Geschiedenis van de Christelijke Mystiek rond personen (16)
Middeleeuwen: Johannes Tauler
The contrast in type between Eckhart and his two most famous disciples is an interesting one. All three were Dominican friars; all were devout followers of St. Augustine, the Areopagite, St. Bernard, and Aquinas; all had been trained in the schools of Cologne, where Albert the Great and St. Thomas had taught, and where their powerful influence still lived. The mysticism of Eckhart, so far as he allows us to see it in his sermons and fragmentary writings, is objective - one might almost say dogmatic. He describes with 'an air of almost terrible certainty and intimacy, not that which he has felt, but the place or plane of being he has known - "the desert of the Godhead were no one is at home." He is a great scholar, a natural metaphysician passionately concerned with the quest of Absolute Truth.
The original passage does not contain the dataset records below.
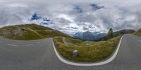 a 360 - view is shown from a car's perspective mirror at the intersection of a mountain and a street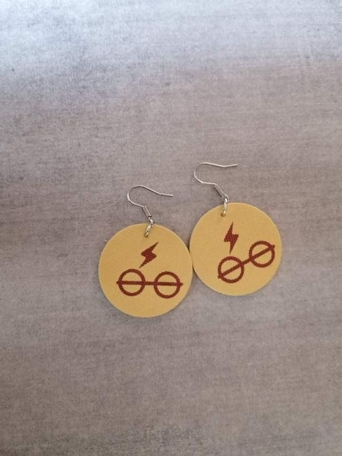 Boucles d'oreilles argentées avec des pendent Harry Potter faits main en tissu et bois de 3cm de diamètre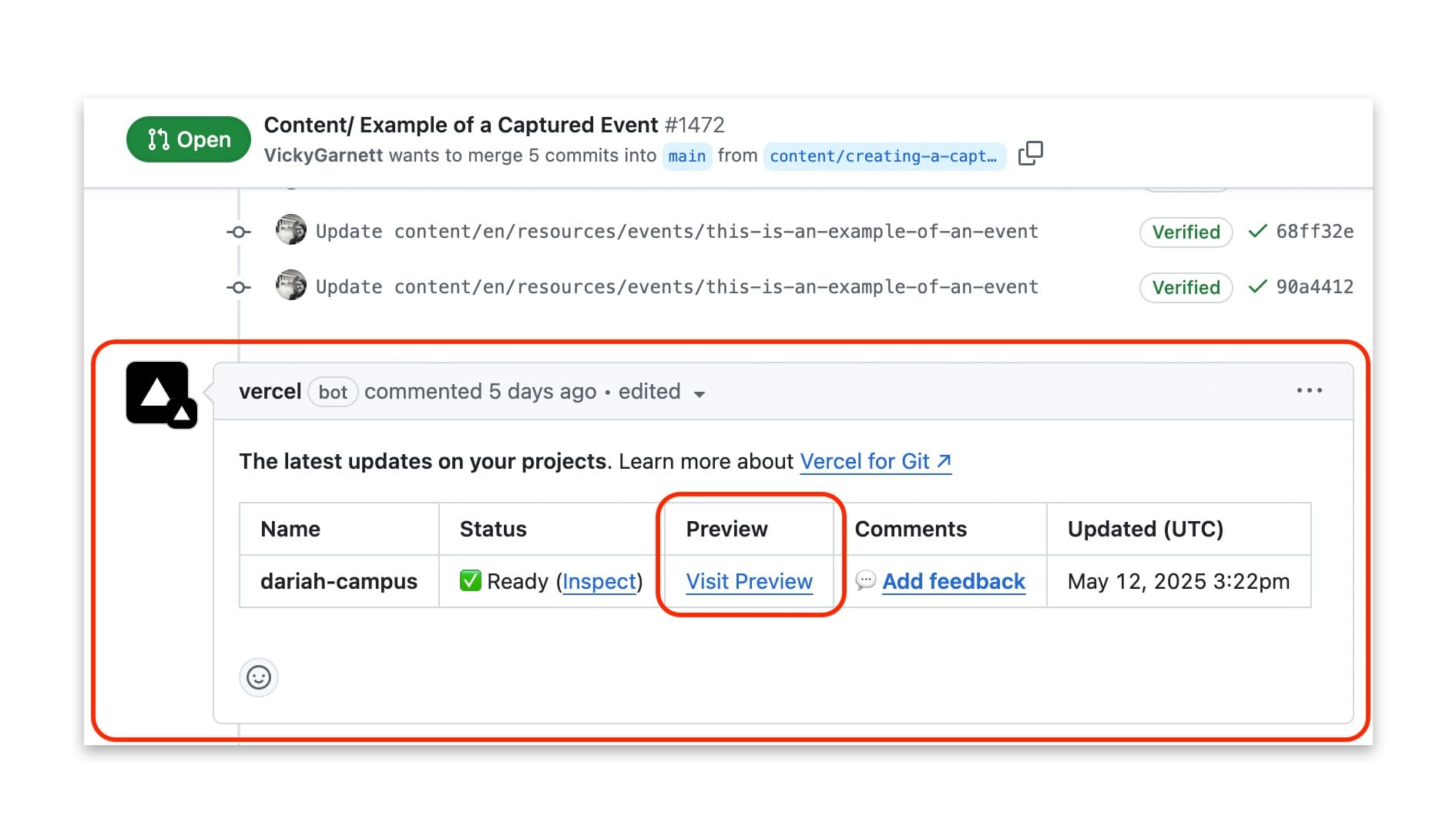 The screen will now change to show you the actual pull request that your draft is filed in on GitHub. After a short while, a ‘Vercel bot’ will post an automatic message to the Pull Request which includes a table showing a summary of the latest updates. In this table you will see a link to ‘Visit Preview’.

Of his two pupils, John Tauler (c. 1300-1361), friar-preacher of Strassburg, was a born missionary: a man who combined with great theological learning and mystical genius of a high order an overwhelming zeal for souls. He laboured incessantly to awaken men to a sense of their transcendental heritage. Without the hard intellectualism occasionally noticeable in Eckhart, or the tendency to introspection and the excessive artistic sensibility of Suso, Tauler is the most virile of the German mystics. The breadth of his humanity is only equalled by the depth of his spirituality. His sermons - his only authentic works - are trumpet-calls to heroic action upon spiritual levels. They influenced many later mystics, especially St. Teresa and St. John of the Cross. Tauler is not a subjective writer: only by implication can we assure ourselves that he speaks from personal experience. He has sometimes, though unfairly, been described as a precursor of the Reformation. Such a claim could only be made by those who look upon all pure Christianity as a form of Protestant heresy. He attacked, like St. Hildegarde, St. Catherine of Siena, and many others, the ecclesiastical corruption of his period: but his writings, if read in unexpurgated editions, prove him to have been a fervent and orthodox Catholic.